--- Task details ---
Every record below is to be restated verbatim, though its images are not.

--- Dataset excerpts ---

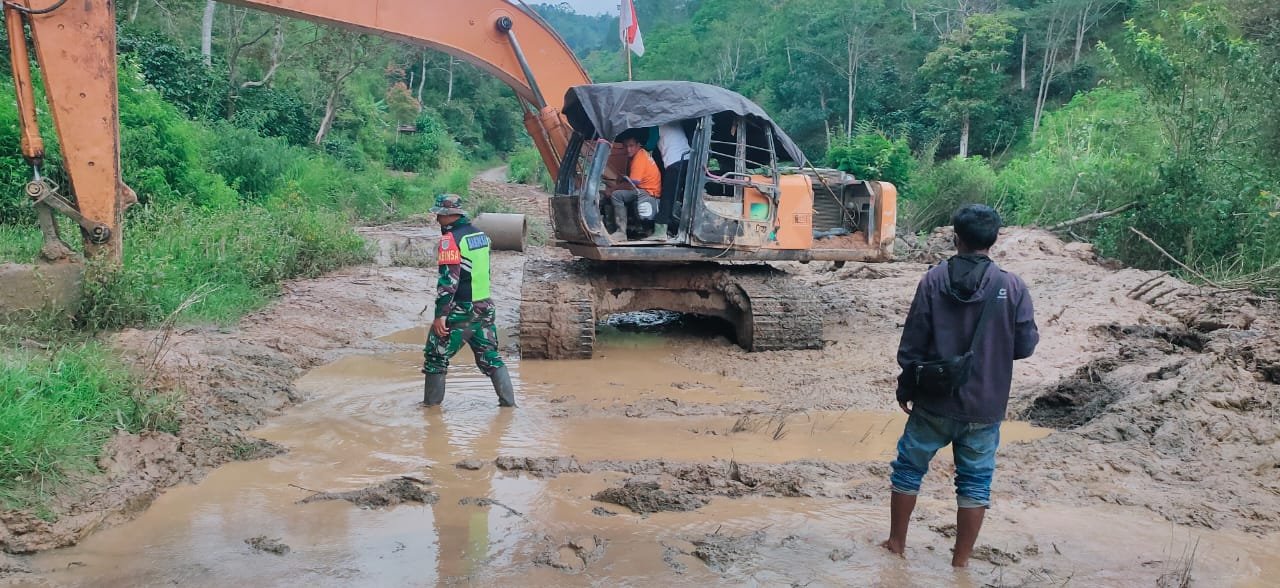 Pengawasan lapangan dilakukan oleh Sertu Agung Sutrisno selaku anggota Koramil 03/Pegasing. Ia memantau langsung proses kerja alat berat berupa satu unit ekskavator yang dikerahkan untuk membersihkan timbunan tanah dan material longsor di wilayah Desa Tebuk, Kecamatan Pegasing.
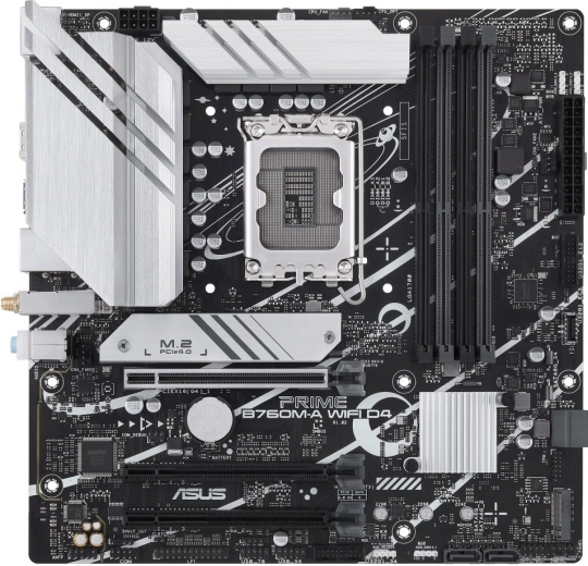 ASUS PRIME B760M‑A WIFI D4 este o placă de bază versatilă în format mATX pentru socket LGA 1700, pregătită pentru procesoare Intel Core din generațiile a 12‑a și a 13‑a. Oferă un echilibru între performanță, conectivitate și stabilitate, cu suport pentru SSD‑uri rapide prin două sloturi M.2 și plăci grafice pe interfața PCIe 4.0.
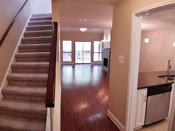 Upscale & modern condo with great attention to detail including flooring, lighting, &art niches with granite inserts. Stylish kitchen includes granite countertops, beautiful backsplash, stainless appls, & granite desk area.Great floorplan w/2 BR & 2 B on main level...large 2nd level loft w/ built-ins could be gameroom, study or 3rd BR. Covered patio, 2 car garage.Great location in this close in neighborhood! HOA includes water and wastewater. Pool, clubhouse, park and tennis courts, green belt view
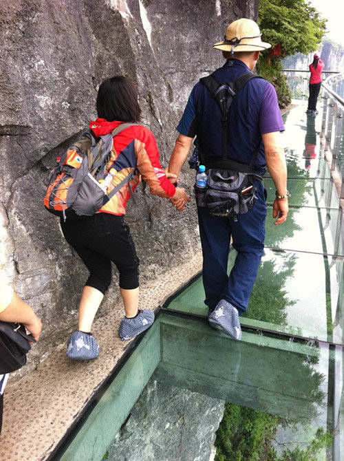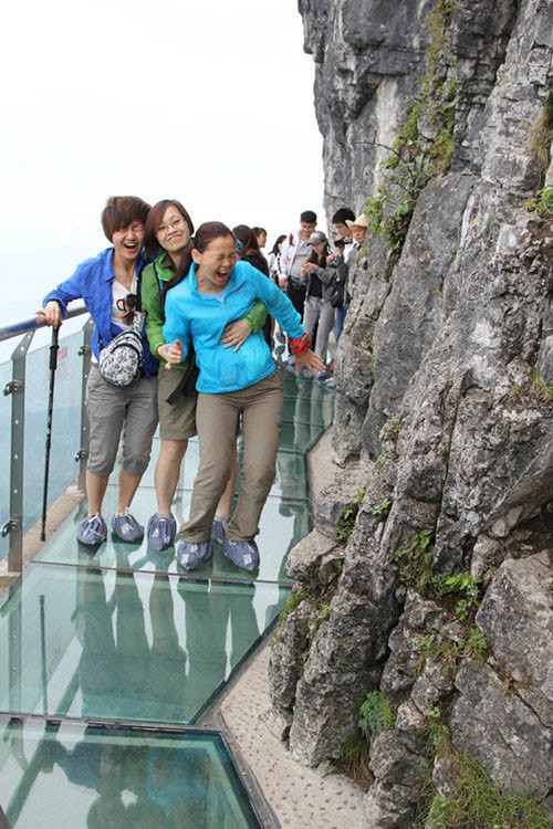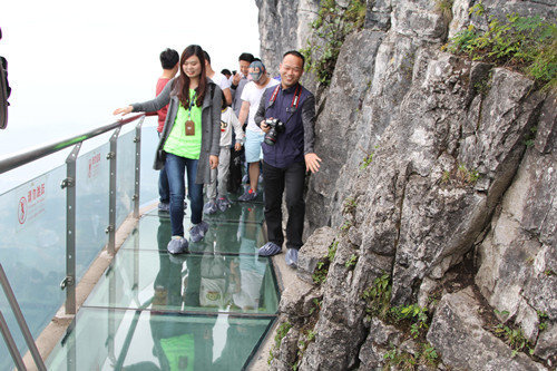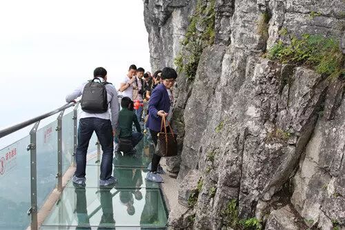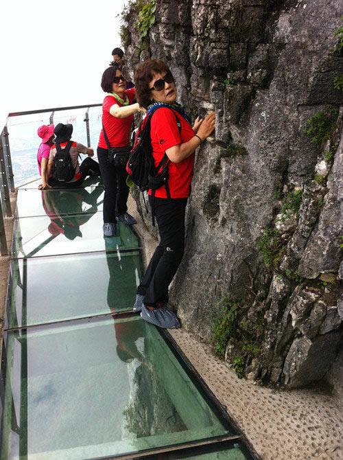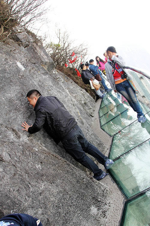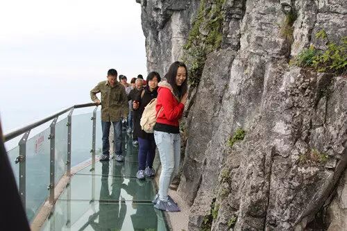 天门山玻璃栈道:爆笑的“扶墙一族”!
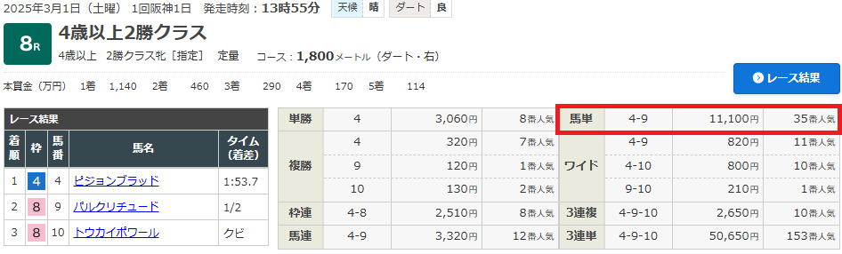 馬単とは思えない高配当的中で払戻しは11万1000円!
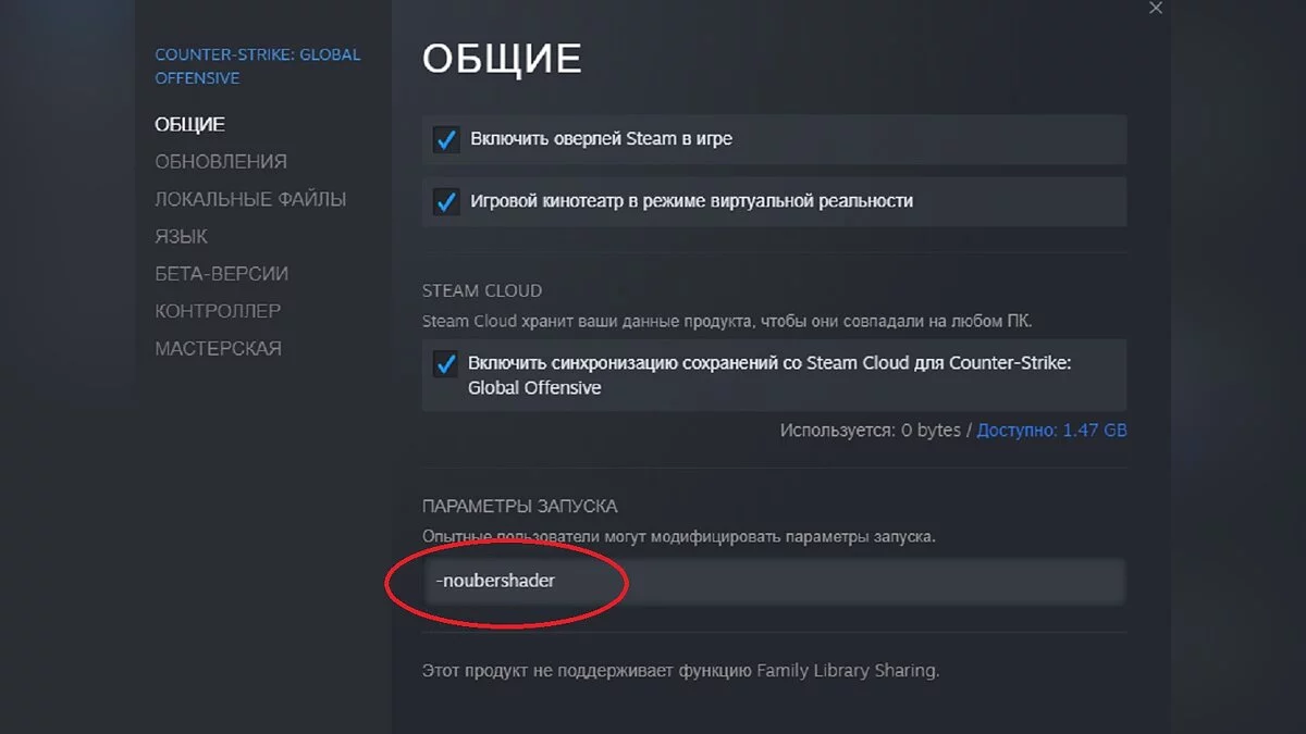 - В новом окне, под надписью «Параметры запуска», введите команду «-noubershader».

--- Response box ---
 Pengawasan lapangan dilakukan oleh Sertu Agung Sutrisno selaku anggota Koramil 03/Pegasing. Ia memantau langsung proses kerja alat berat berupa satu unit ekskavator yang dikerahkan untuk membersihkan timbunan tanah dan material longsor di wilayah Desa Tebuk, Kecamatan Pegasing.
 ASUS PRIME B760M‑A WIFI D4 este o placă de bază versatilă în format mATX pentru socket LGA 1700, pregătită pentru procesoare Intel Core din generațiile a 12‑a și a 13‑a. Oferă un echilibru între performanță, conectivitate și stabilitate, cu suport pentru SSD‑uri rapide prin două sloturi M.2 și plăci grafice pe interfața PCIe 4.0.
 Upscale & modern condo with great attention to detail including flooring, lighting, &art niches with granite inserts. Stylish kitchen includes granite countertops, beautiful backsplash, stainless appls, & granite desk area.Great floorplan w/2 BR & 2 B on main level...large 2nd level loft w/ built-ins could be gameroom, study or 3rd BR. Covered patio, 2 car garage.Great location in this close in neighborhood! HOA includes water and wastewater. Pool, clubhouse, park and tennis courts, green belt view
 天门山玻璃栈道:爆笑的“扶墙一族”!
 馬単とは思えない高配当的中で払戻しは11万1000円!
 - В новом окне, под надписью «Параметры запуска», введите команду «-noubershader».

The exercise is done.